*DATA BELOW*
Segment Open
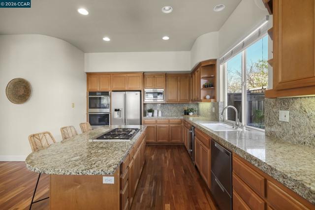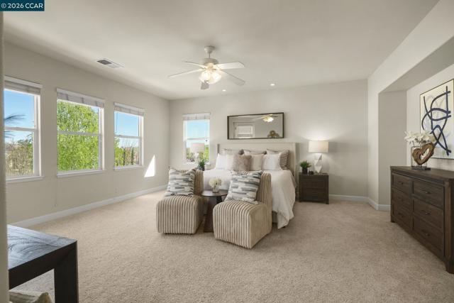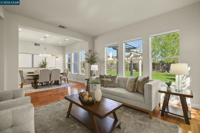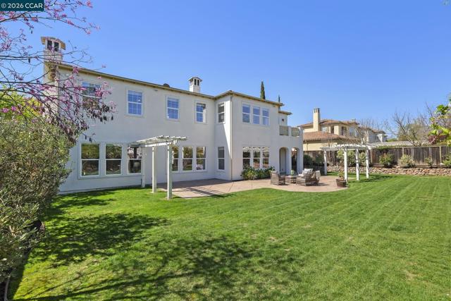 Spectacular Floor Plan, Lot & Location. Spacious home has 4079 sqft with 5 bedrooms and 4 ½ bathrooms. PLUS large bonus room on 1st level, PLUS office with view on 2nd level. PLUS courtyard and two balconies Large flat lot is 10,750 sqft. Open living/dining room has wood flooring & fireplace. Gourmet kitchen features brand new double oven & wine cooler. Kitchen opens to family room with fireplace. Primary bedroom has walk-in closet, jetted tub, and balcony with Mt Diablo view. Guest suite on main level is tucked away in a quiet & beautiful space. Near main park with play structures, tennis, basketball, baseball and soccer. Low HOA dues only $40 per month includes community swimming pool.
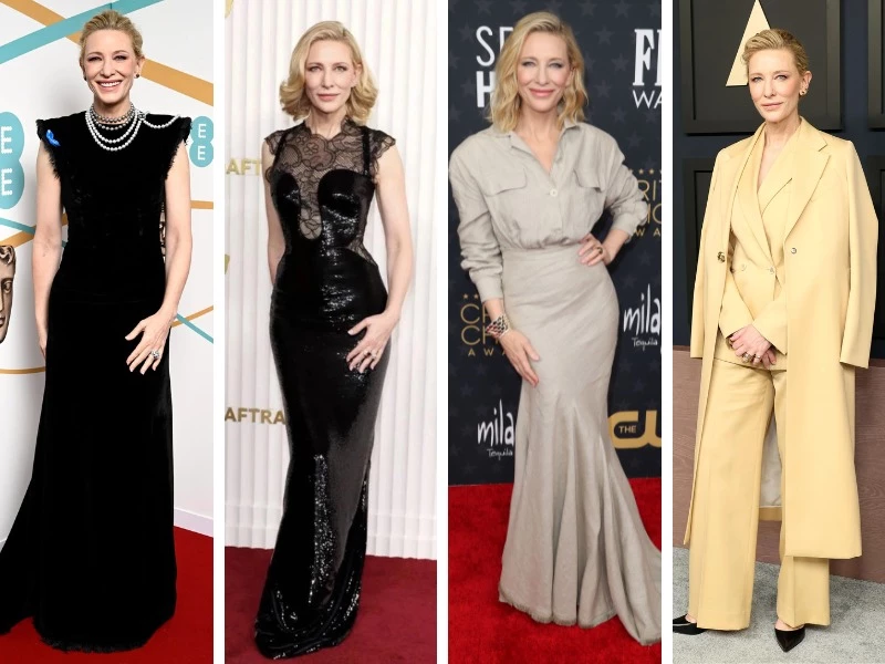 Como nos tiene acostumbrados, Cate Blanchett (la también nominada a Mejor Actriz por Tár) siempre se luce al elegir estilismos que van desde los más sofisticados a los más versátiles. Es toda una experta a la hora de explotar ante los flashes sus distintas facetas.
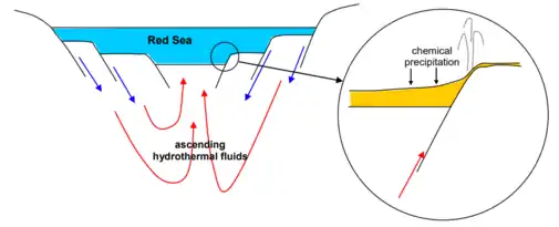 SEDEX deposits form in sedimentary basins under a regional tectonic extensional environment, under the ocean where cold seawater (blue arrows) is mixed with basin water and through sinsedimentary faults flow towards the bottom of the basin, which are heated by the geothermal gradient, and later ascends by convective currents (red arrows).[41]
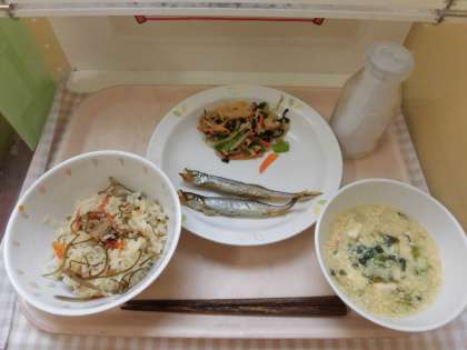 ☆今日は「焼きししゃも」です。ししゃもはクセがなくて食べやすく、プチプチとした卵の食感が特徴です。たくさんのししゃもを鉄板に並べ給食室のオーブンでこんがりと焼き、みんなで食べました。カルシウムが多く含まれている1品です。
Segment Closed
*WHAT THE EXERCISE ASKS*
Write out, exactly as they appear, the lines from the one containing "SEDEX deposits form" through the end of the material above, excluding pictures.

*RESPONSE BOX*
 SEDEX deposits form in sedimentary basins under a regional tectonic extensional environment, under the ocean where cold seawater (blue arrows) is mixed with basin water and through sinsedimentary faults flow towards the bottom of the basin, which are heated by the geothermal gradient, and later ascends by convective currents (red arrows).[41]
 ☆今日は「焼きししゃも」です。ししゃもはクセがなくて食べやすく、プチプチとした卵の食感が特徴です。たくさんのししゃもを鉄板に並べ給食室のオーブンでこんがりと焼き、みんなで食べました。カルシウムが多く含まれている1品です。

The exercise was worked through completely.